___ RECORDED INFORMATION
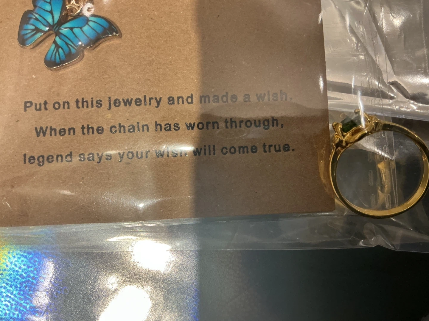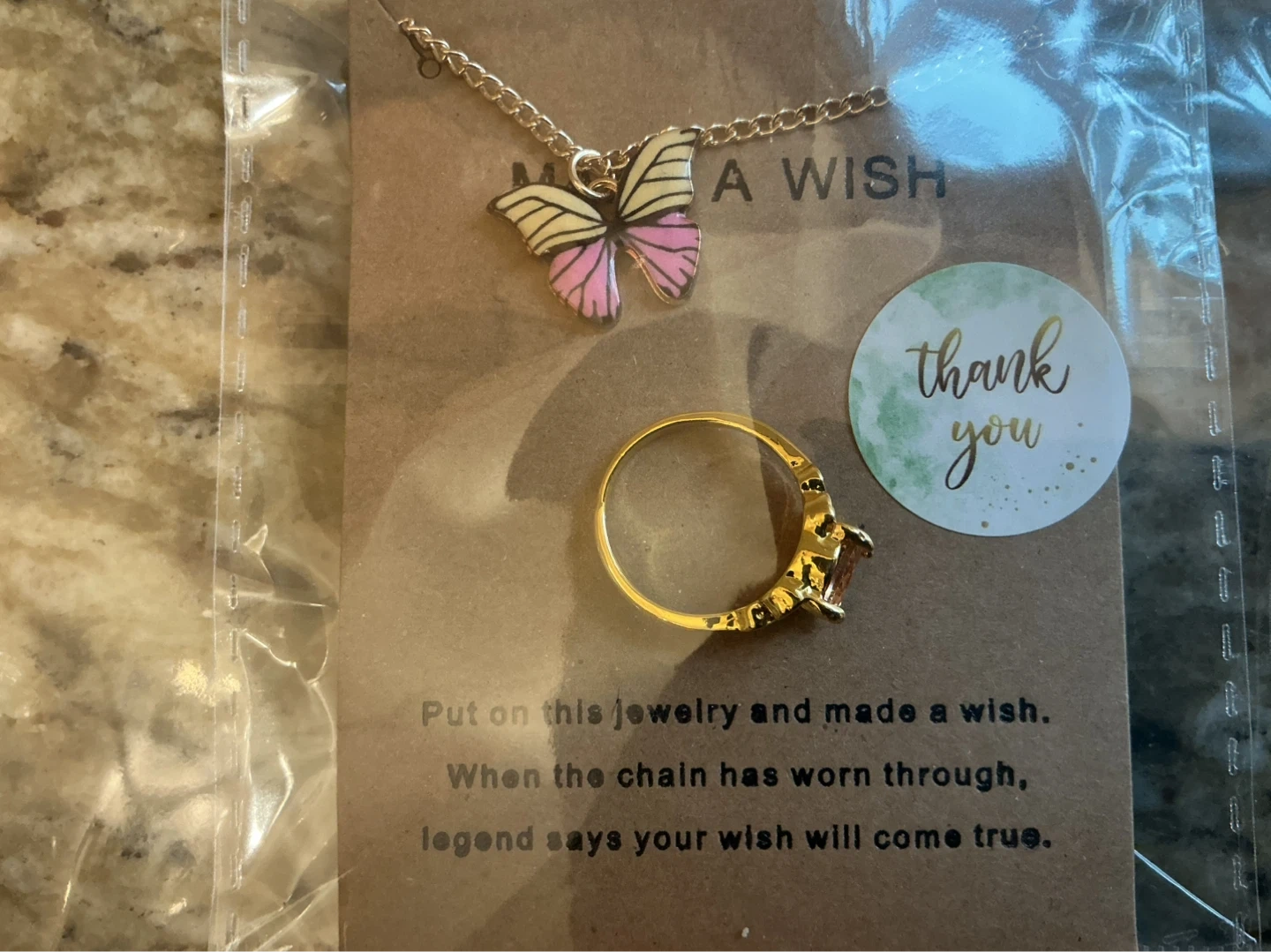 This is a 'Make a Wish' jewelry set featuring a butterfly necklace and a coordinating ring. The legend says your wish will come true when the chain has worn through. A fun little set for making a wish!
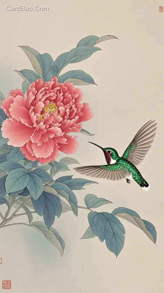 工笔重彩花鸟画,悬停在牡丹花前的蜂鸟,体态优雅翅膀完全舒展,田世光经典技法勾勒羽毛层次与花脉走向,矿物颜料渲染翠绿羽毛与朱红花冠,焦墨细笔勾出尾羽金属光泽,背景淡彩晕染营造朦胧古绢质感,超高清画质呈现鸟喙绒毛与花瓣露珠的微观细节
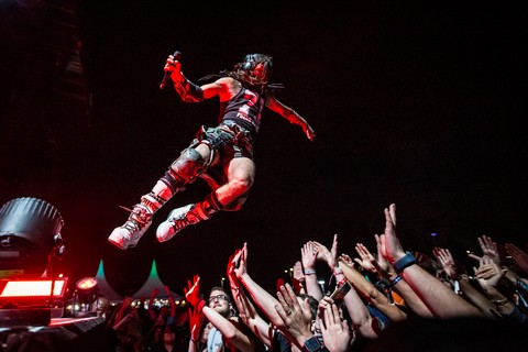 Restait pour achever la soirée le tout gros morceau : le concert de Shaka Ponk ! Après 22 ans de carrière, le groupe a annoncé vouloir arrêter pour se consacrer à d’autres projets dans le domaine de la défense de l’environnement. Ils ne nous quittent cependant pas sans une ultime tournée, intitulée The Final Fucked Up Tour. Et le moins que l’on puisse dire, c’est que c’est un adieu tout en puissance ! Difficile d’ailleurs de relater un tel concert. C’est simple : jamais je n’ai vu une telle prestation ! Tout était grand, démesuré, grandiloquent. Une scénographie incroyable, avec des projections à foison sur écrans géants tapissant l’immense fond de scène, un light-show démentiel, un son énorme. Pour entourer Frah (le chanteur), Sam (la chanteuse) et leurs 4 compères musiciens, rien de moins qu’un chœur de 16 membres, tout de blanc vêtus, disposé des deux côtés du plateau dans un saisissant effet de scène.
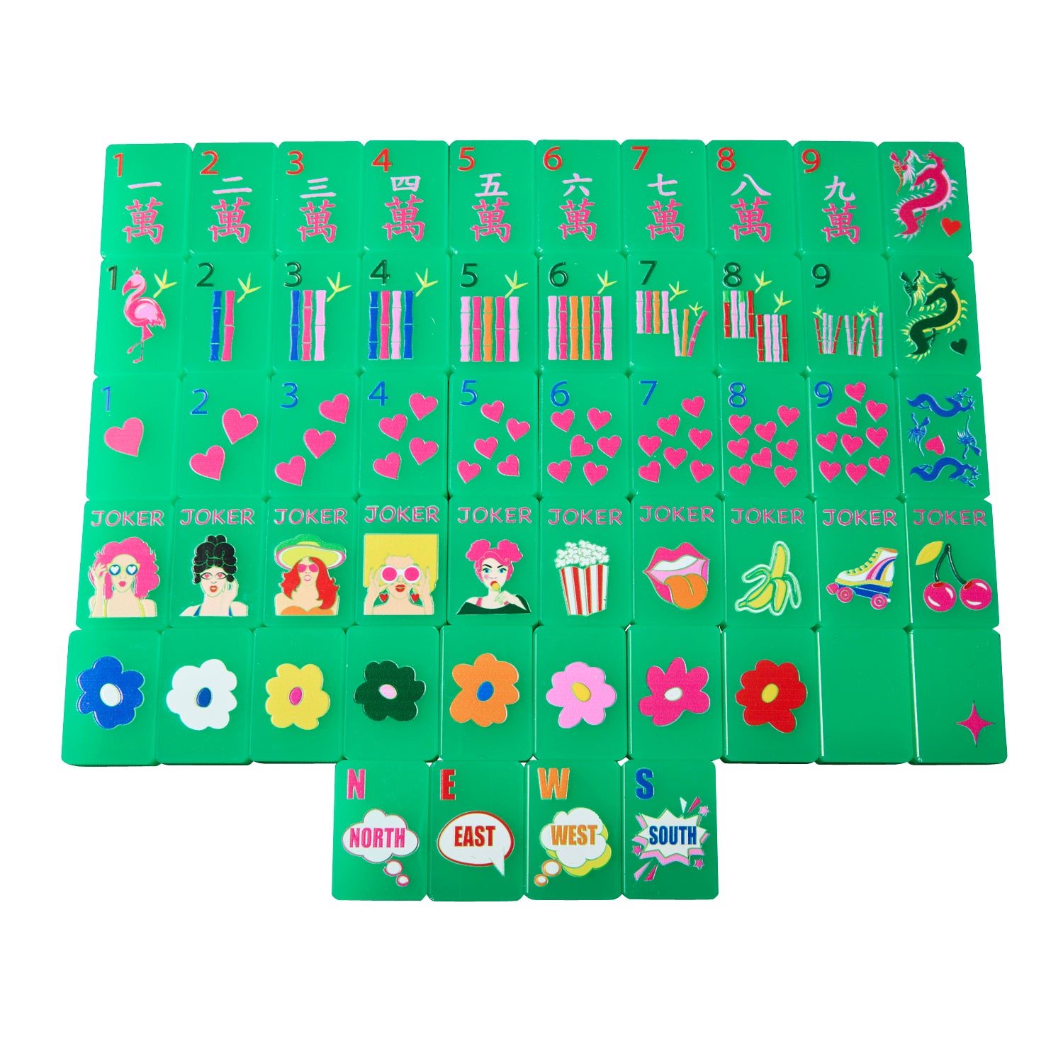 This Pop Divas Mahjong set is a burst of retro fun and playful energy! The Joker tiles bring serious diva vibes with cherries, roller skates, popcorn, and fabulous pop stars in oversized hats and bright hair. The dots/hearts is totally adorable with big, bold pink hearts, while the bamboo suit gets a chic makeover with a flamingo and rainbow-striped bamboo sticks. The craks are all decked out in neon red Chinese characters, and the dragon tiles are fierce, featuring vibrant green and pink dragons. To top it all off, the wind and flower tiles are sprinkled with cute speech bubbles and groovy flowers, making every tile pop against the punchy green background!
______
Return every line of the listing exactly, leaving its pictures behind.

 This is a 'Make a Wish' jewelry set featuring a butterfly necklace and a coordinating ring. The legend says your wish will come true when the chain has worn through. A fun little set for making a wish!
 工笔重彩花鸟画,悬停在牡丹花前的蜂鸟,体态优雅翅膀完全舒展,田世光经典技法勾勒羽毛层次与花脉走向,矿物颜料渲染翠绿羽毛与朱红花冠,焦墨细笔勾出尾羽金属光泽,背景淡彩晕染营造朦胧古绢质感,超高清画质呈现鸟喙绒毛与花瓣露珠的微观细节
 Restait pour achever la soirée le tout gros morceau : le concert de Shaka Ponk ! Après 22 ans de carrière, le groupe a annoncé vouloir arrêter pour se consacrer à d’autres projets dans le domaine de la défense de l’environnement. Ils ne nous quittent cependant pas sans une ultime tournée, intitulée The Final Fucked Up Tour. Et le moins que l’on puisse dire, c’est que c’est un adieu tout en puissance ! Difficile d’ailleurs de relater un tel concert. C’est simple : jamais je n’ai vu une telle prestation ! Tout était grand, démesuré, grandiloquent. Une scénographie incroyable, avec des projections à foison sur écrans géants tapissant l’immense fond de scène, un light-show démentiel, un son énorme. Pour entourer Frah (le chanteur), Sam (la chanteuse) et leurs 4 compères musiciens, rien de moins qu’un chœur de 16 membres, tout de blanc vêtus, disposé des deux côtés du plateau dans un saisissant effet de scène.
 This Pop Divas Mahjong set is a burst of retro fun and playful energy! The Joker tiles bring serious diva vibes with cherries, roller skates, popcorn, and fabulous pop stars in oversized hats and bright hair. The dots/hearts is totally adorable with big, bold pink hearts, while the bamboo suit gets a chic makeover with a flamingo and rainbow-striped bamboo sticks. The craks are all decked out in neon red Chinese characters, and the dragon tiles are fierce, featuring vibrant green and pink dragons. To top it all off, the wind and flower tiles are sprinkled with cute speech bubbles and groovy flowers, making every tile pop against the punchy green background!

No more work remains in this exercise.